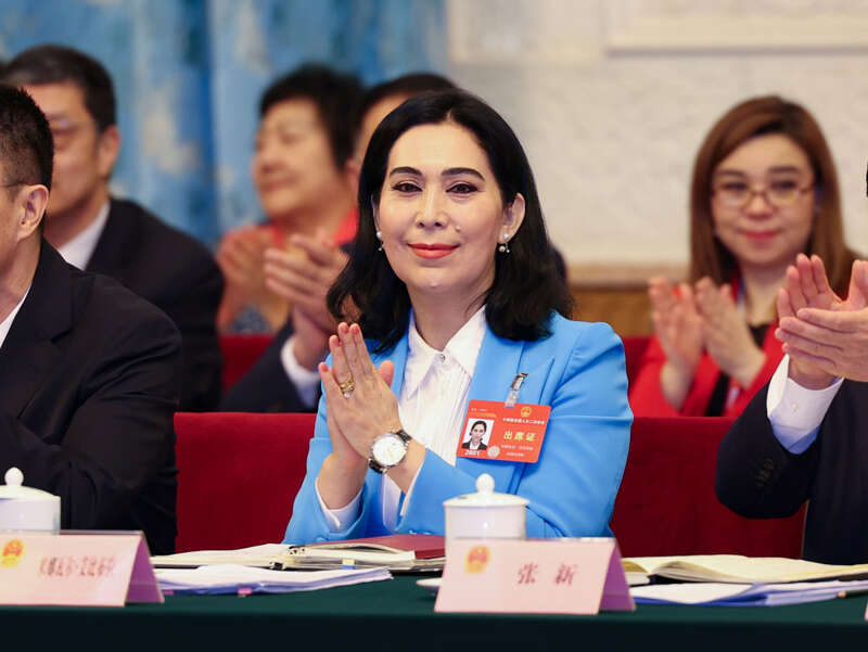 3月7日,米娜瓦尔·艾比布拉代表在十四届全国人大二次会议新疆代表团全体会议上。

---

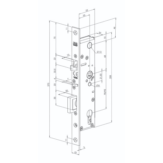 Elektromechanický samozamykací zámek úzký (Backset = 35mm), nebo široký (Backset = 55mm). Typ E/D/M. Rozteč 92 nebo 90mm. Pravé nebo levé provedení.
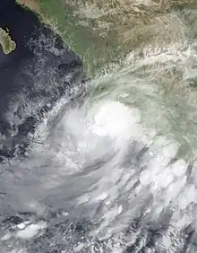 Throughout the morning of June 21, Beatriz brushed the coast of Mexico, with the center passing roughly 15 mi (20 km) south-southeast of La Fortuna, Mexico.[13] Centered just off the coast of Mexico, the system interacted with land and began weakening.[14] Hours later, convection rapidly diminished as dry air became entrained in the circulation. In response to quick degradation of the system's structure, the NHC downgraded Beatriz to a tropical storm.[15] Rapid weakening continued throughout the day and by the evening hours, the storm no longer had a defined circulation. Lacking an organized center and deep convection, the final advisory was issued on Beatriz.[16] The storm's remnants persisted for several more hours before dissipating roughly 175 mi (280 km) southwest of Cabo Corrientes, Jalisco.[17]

==

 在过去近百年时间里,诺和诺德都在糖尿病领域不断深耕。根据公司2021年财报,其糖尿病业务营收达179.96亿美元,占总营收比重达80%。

* **TASK PROMPT**
Would you output the lines above from the line holding "Elektromechanický samozamykací zámek" up to and including the line holding "Throughout the morning", exactly and only those, with no pictures?

* **EXPECTED ANSWER**
 Elektromechanický samozamykací zámek úzký (Backset = 35mm), nebo široký (Backset = 55mm). Typ E/D/M. Rozteč 92 nebo 90mm. Pravé nebo levé provedení.
 Throughout the morning of June 21, Beatriz brushed the coast of Mexico, with the center passing roughly 15 mi (20 km) south-southeast of La Fortuna, Mexico.[13] Centered just off the coast of Mexico, the system interacted with land and began weakening.[14] Hours later, convection rapidly diminished as dry air became entrained in the circulation. In response to quick degradation of the system's structure, the NHC downgraded Beatriz to a tropical storm.[15] Rapid weakening continued throughout the day and by the evening hours, the storm no longer had a defined circulation. Lacking an organized center and deep convection, the final advisory was issued on Beatriz.[16] The storm's remnants persisted for several more hours before dissipating roughly 175 mi (280 km) southwest of Cabo Corrientes, Jalisco.[17]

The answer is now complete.